Department of Immunology, Oslo University Hospital Rikshospitalet and University of Oslo, Norway.
Department of Biosystems Science and Engineering, ETH Zürich, Basel, Switzerland.
MAbs. 2022 Jan-Dec;14(1):2031482. doi: 10.1080/19420862.2022.2031482.
Generative machine learning (ML) has been postulated to become a major driver in the computational design of antigen-specific monoclonal antibodies (mAb). However, efforts to confirm this hypothesis have been hindered by the infeasibility of testing arbitrarily large numbers of antibody sequences for their most critical design parameters: paratope, epitope, affinity, and developability. To address this challenge, we leveraged a lattice-based antibody-antigen binding simulation framework, which incorporates a wide range of physiological antibody-binding parameters. The simulation framework enables the computation of synthetic antibody-antigen 3D-structures, and it functions as an oracle for unrestricted prospective evaluation and benchmarking of antibody design parameters of ML-generated antibody sequences. We found that a deep generative model, trained exclusively on antibody sequence (one dimensional: 1D) data can be used to design conformational (three dimensional: 3D) epitope-specific antibodies, matching, or exceeding the training dataset in affinity and developability parameter value variety. Furthermore, we established a lower threshold of sequence diversity necessary for high-accuracy generative antibody ML and demonstrated that this lower threshold also holds on experimental real-world data. Finally, we show that transfer learning enables the generation of high-affinity antibody sequences from low-N training data. Our work establishes a priori feasibility and the theoretical foundation of high-throughput ML-based mAb design.
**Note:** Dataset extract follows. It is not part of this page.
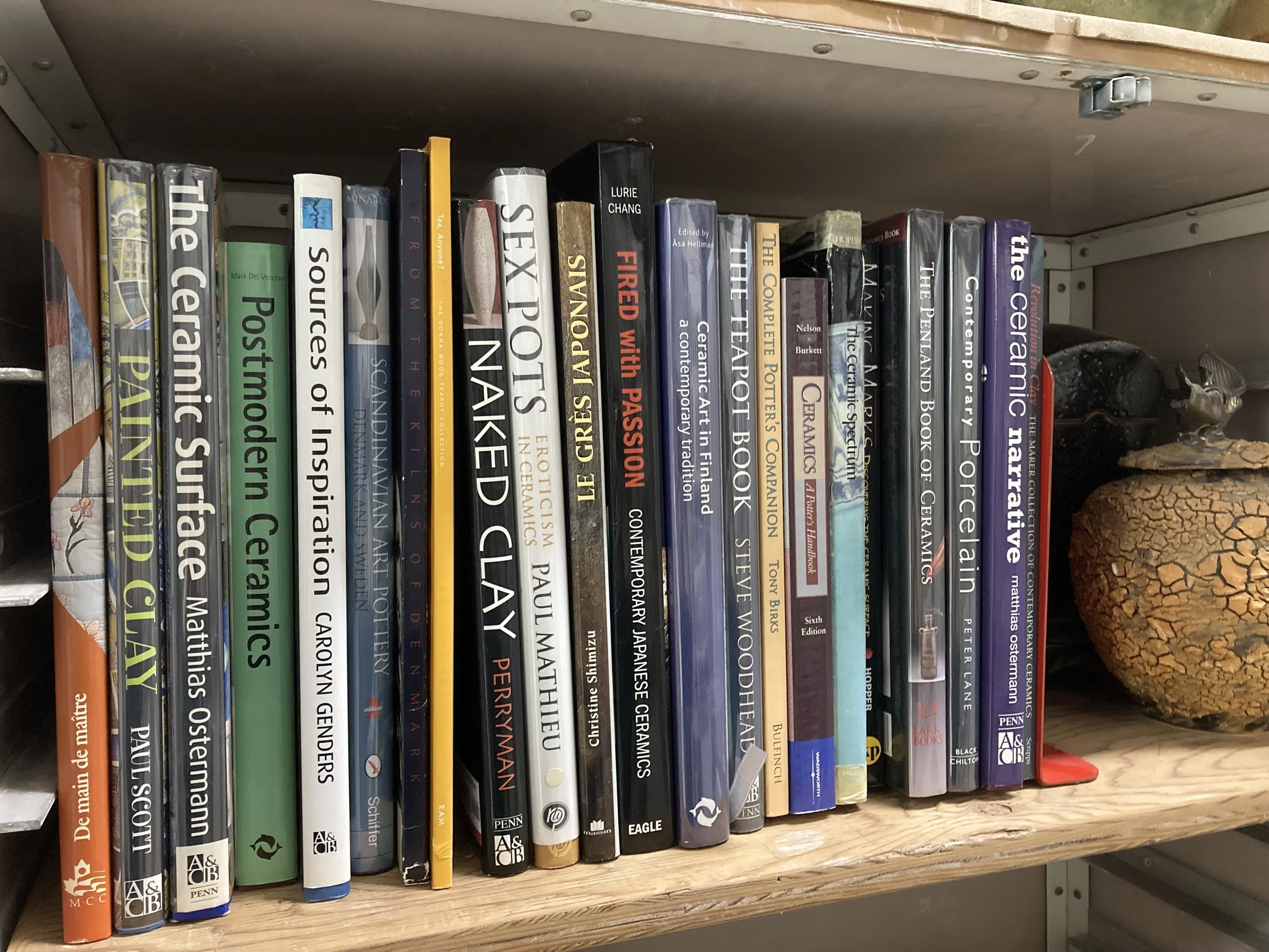 Jacques' personal collection of ceramics books is now a key part of the studio, placed throughout the library. A plaque and biography honor his contributions, inspiring students and visitors.

生成式机器学习(ML)被认为是抗原特异性单克隆抗体(mAb)计算设计的主要驱动力。然而,由于无法测试任意数量的抗体序列的最关键设计参数:表位、抗原结合亲和力和可开发性,验证这一假设的努力受到了阻碍。为了解决这一挑战,我们利用了基于格点的抗体-抗原结合模拟框架,该框架结合了广泛的生理抗体结合参数。该模拟框架能够计算合成的抗体-抗原 3D 结构,并作为不受限制的前瞻性评估和基准测试 ML 生成的抗体序列的抗体设计参数的工具。我们发现,仅基于抗体序列(一维:1D)数据训练的深度生成模型可用于设计构象(三维:3D)表位特异性抗体,其亲和力和可开发性参数值的多样性与训练数据集相匹配或超过。此外,我们确定了高精度生成性抗体 ML 所需的序列多样性的下限,并证明该下限在实验真实世界数据上同样适用。最后,我们表明,迁移学习能够从低 N 训练数据生成高亲和力的抗体序列。我们的工作建立了基于 ML 的高通量 mAb 设计的先验可行性和理论基础。